Many migrant workers work in high-risk jobs such as mining, agriculture, and construction that involve long hours and hard physical labor that can result in increased occupational accidents. People who don’t have legal status in the country where they reside are much more likely to endure dangerous working conditions and fear drawing attention to themselves and losing their jobs or being deported. Furthermore, migrant workers are often not allowed to form and join trade unions, which may be an additional obstacle to raising concerns about their health and safety in the workplace. In addition, sexual exploitation has been widely reported in particular in the context of female labor migrants working in informal sectors such as domestic work.

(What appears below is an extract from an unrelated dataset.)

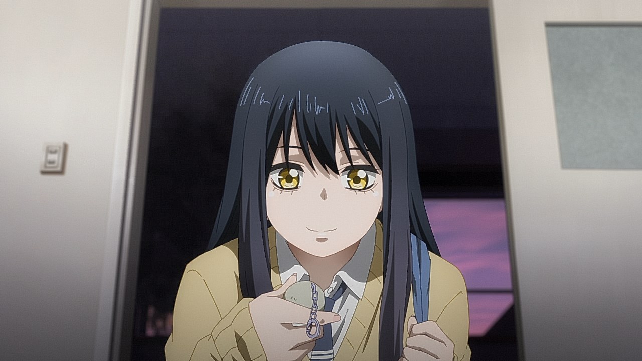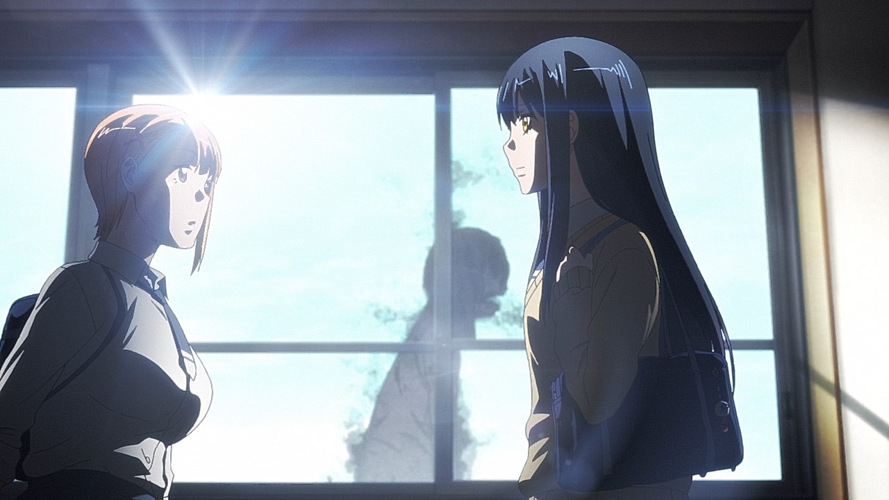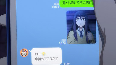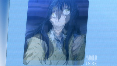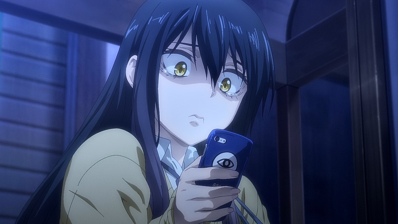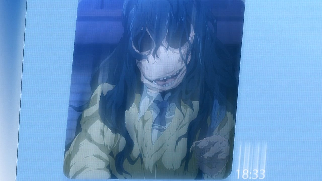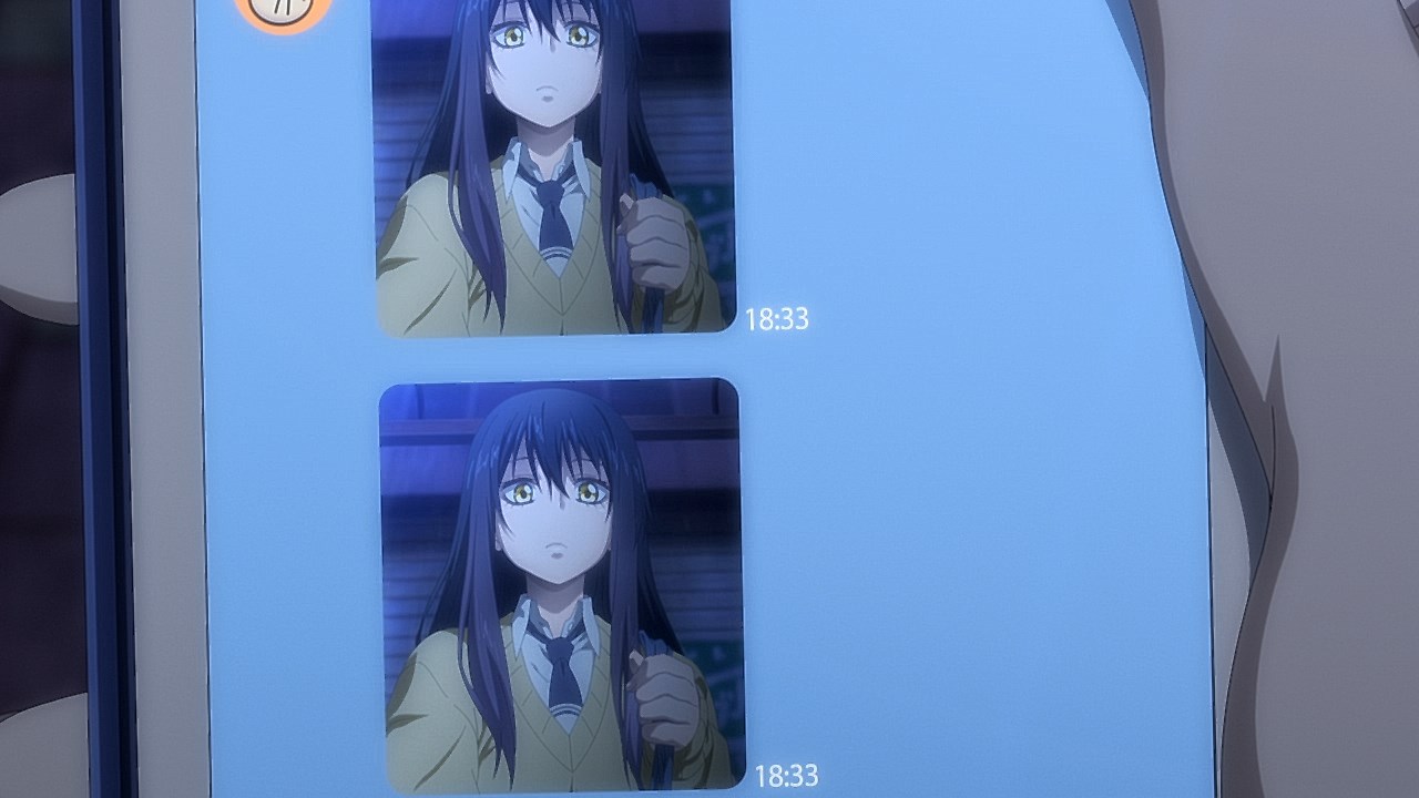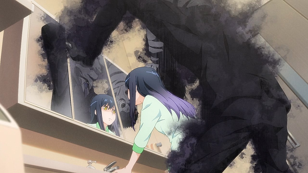Is it while Miko’s carefree, food-loving friend Hana is having a casual conversation about plushies? Not quite. Is it when Miko hears rustling in the bathroom? Not quite. Is it when Miko finds her charm in an empty classroom as the lights flicker? Close, but no cigar. But because of the gradual build-up, it makes it all the freakier when we see Miko’s SMS glitching out due to spiritual interference as the episode’s first ghost gets right up in the camera’s face.

Fact 4: Most people are not displaced due to one single factor, but by a combination of factors. Hunger is often a prominent reason.
People leave their home countries for many reasons, including violence, political instability, persecution, economic opportunity, or some combination of factors. However, one of the biggest drivers of migration in Latin America is food insecurity. The ongoing war in Ukraine, a major “breadbasket” for many parts of the world, has exacerbated food prices and food shortages in many developing countries, including Venezuela.
One in three Venezuelans is food insecure and in need of assistance, totaling more than 9 million people, according to the UN’s World Food Program. Nearly 6 percent of Venezuelan children screened between January and June 2021 had acute malnutrition, including 1.5 percent with severe acute malnutrition, prompting many families to make the difficult decision to leave.
In Mexico, approximately 10.2 million people faced severe food insecurity in 2020 and more than 16 million people were considered vulnerable to moderate food deprivation. Climate change is expected to increase the severity of extreme weather events, rising temperatures, and droughts, which will contribute to additional food shortages. In August 2021, hurricanes Grace and Nora caused flooding, landslides, and power outages in multiple Mexican states, killing at least nine people and causing hundreds of millions of dollars in damage.